When Emma runs away from her perfect life in London to return to the commune where she was brought up, she leaves behind a husband and a newborn daughter.
Emma is not even really her name. Named Rowan, after a tree in the commune, she was abandoned 30 years ago by her mother. Now, frightened by her maternal inadequacy and anger, she returns to the Ithaca Institute to seek her out. In Close Your Eyes, Ewan Morrison interrogates the disjunct between Rowan’s life today – the well-constructed life she flees – and the one she carries with her.
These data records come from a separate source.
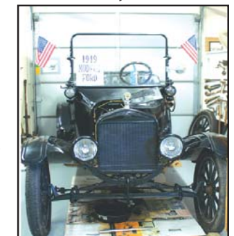
1919 Model T Ford

been over there yet. I told him they were on my list. He said when they moved the depot in he thought why would you do that nobody will stop there. He stated that over the years he has been surprised by the number of cars that have visited.
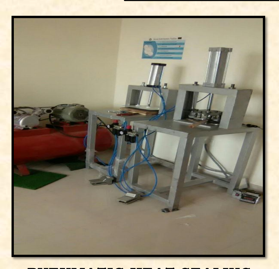
PNEUMATIC HEAT SEALING MACHINE
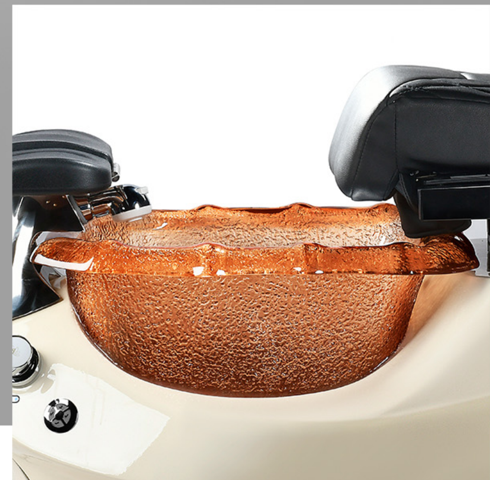
Bone Base/Gold Bowl
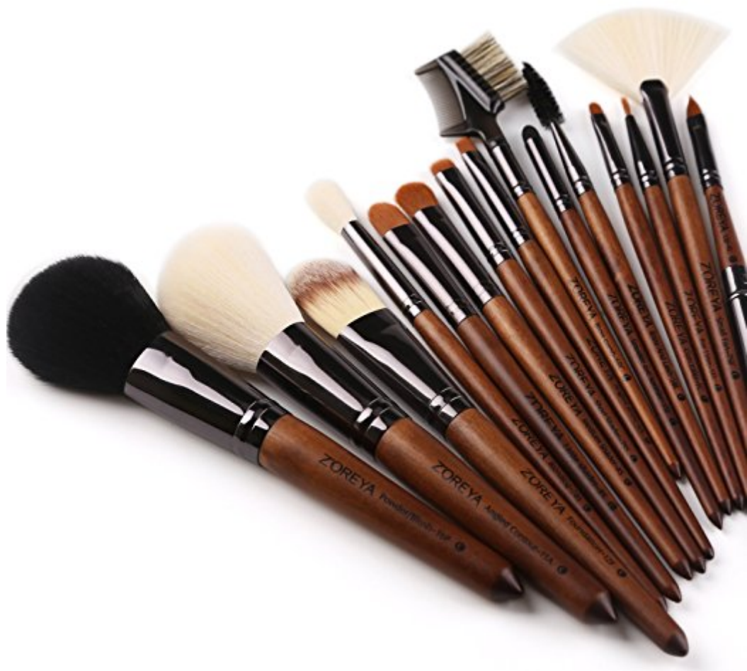
KENZIE BEAUTY 10 PCS Oval Makeup Brushes
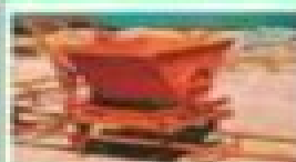
Slab Trolley Capacity 7 CFT Rail- 150 FT & 2 Barrel (40 x40 pipe)
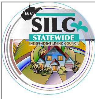
Public Meeting Notice for Draft State Plan for IL p.2
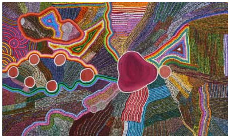
AM 10578/14 Janet Nyunmitji Forbes Pulypal 2014 Acrylic on canvas 1020 x 610mm $3465 including resale royalty
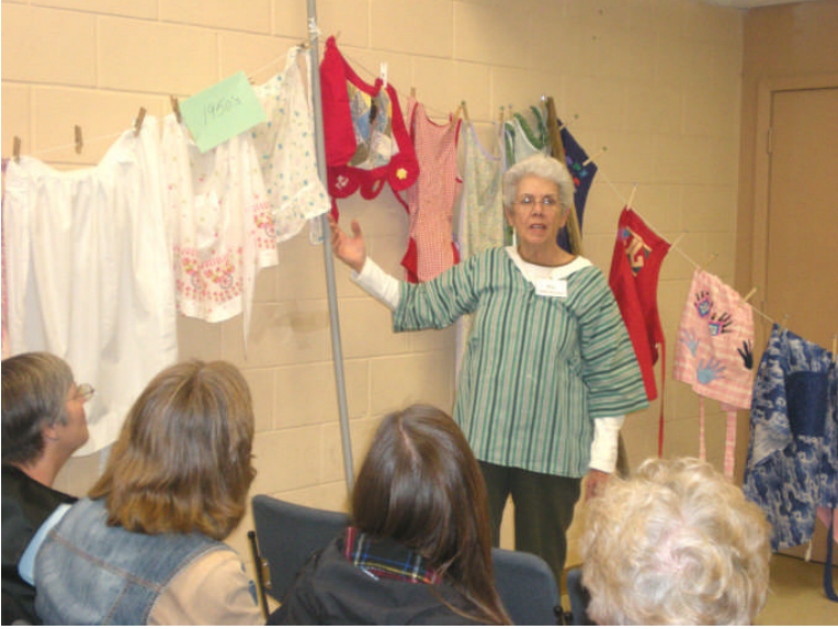
Aprons EVERYWHERE !
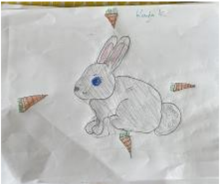
Kayla's rabbit drawing
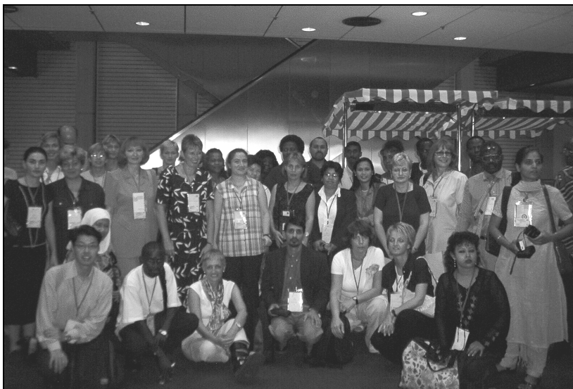
The Grant Recipients of 2003

This meeting served to provide the grantees with the opportunity to make first acquaintances and also gave them tips for organizing their stay in Berlin. Numerous photographs were taken to help the grantees remember the event – and which will most certainly also provide the background for reports about the IFLA Conference in the grantees' home countries.
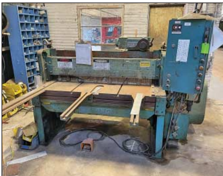
52" x 12 Ga. Wysong Model 1252 Power Squaring Shear
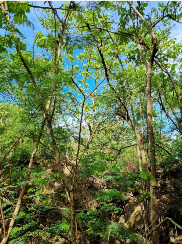
Waypoint 1812 - 5
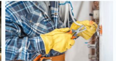
Electrician Install and maintain electrical wiring systems across a variety of environments.
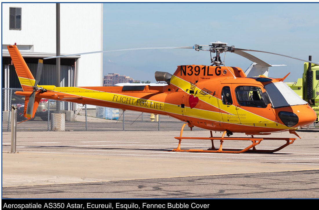
Aerospatiale AS350 Astar, Ecureuil, Esquilo, Fennec Bubble Cover
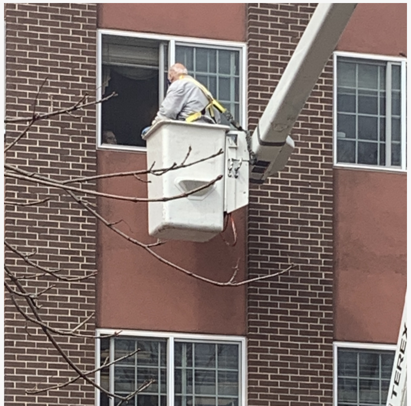
Reunited at Last
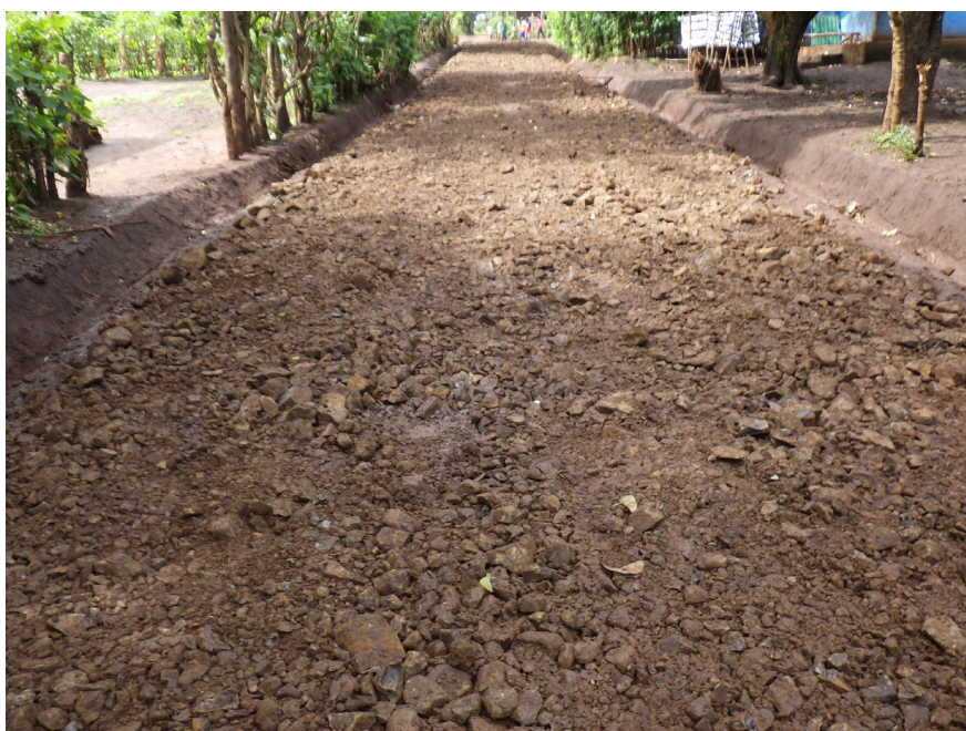
Figure 22. Gravel Pavement (2)
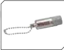
HTS/D-Spec Adjuster Key Chain, Ea. TO00101
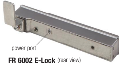
FR 6002 E-Lock (rear view)
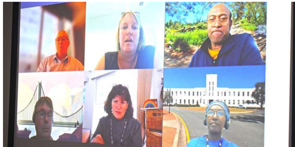
The virtual meeting between Biosecurity Solomon Islands and Australia counterparts.
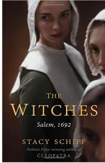
Tuesday, April 26th The Witches by Stacy Schiff
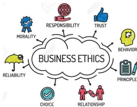
Figure 5. Forms of business ethic

Comparably, an educational domain may also use VR in various ways. It already has various applications in fields of simulation training, social sciences, and humanities [35]. Observing the history through historical empathy is a great example of enhancing effectiveness in the learning process as it assists in bringing the geography distant individuals and communities in close proximity to students so they can properly understand it [36].
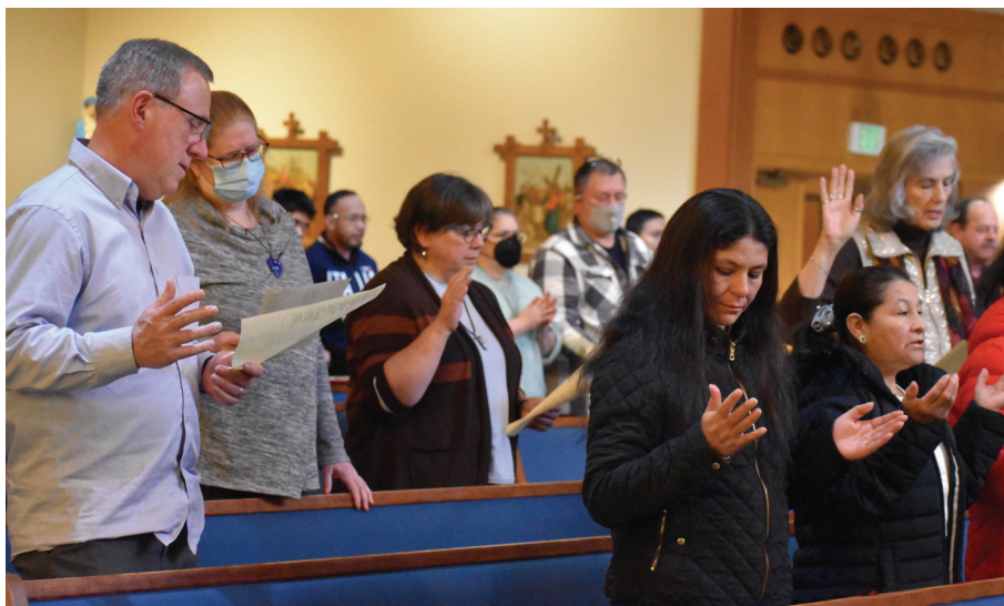
Praise and worship time

The physical and emotional violence of childhood at Ithaca (attacked by local children, exposed to sex and vicious communal living rows) is pieced together as she explores what Ithaca has become.
The physical nature of Rowan’s pain at abandoning her child is one of the most startling things about this book. Her aching milk-heavy breasts act as a constant reminder of this. In one graphic scene she relieves them, exhorting herself: ‘Don’t think of the picture, of this woman, late at night in some motorway services milking herself into a toilet.’ You have to look away. Often the sense of impending disaster makes you sick with nervous tension. At other times, Morrison creates calm from the most unlikely circumstances. In a book that is somewhere between Esther Freud’s Hideous Kinky and Jez Butterworth’s play Jerusalem, Morrison creates something both uncomfortable and beautiful to read.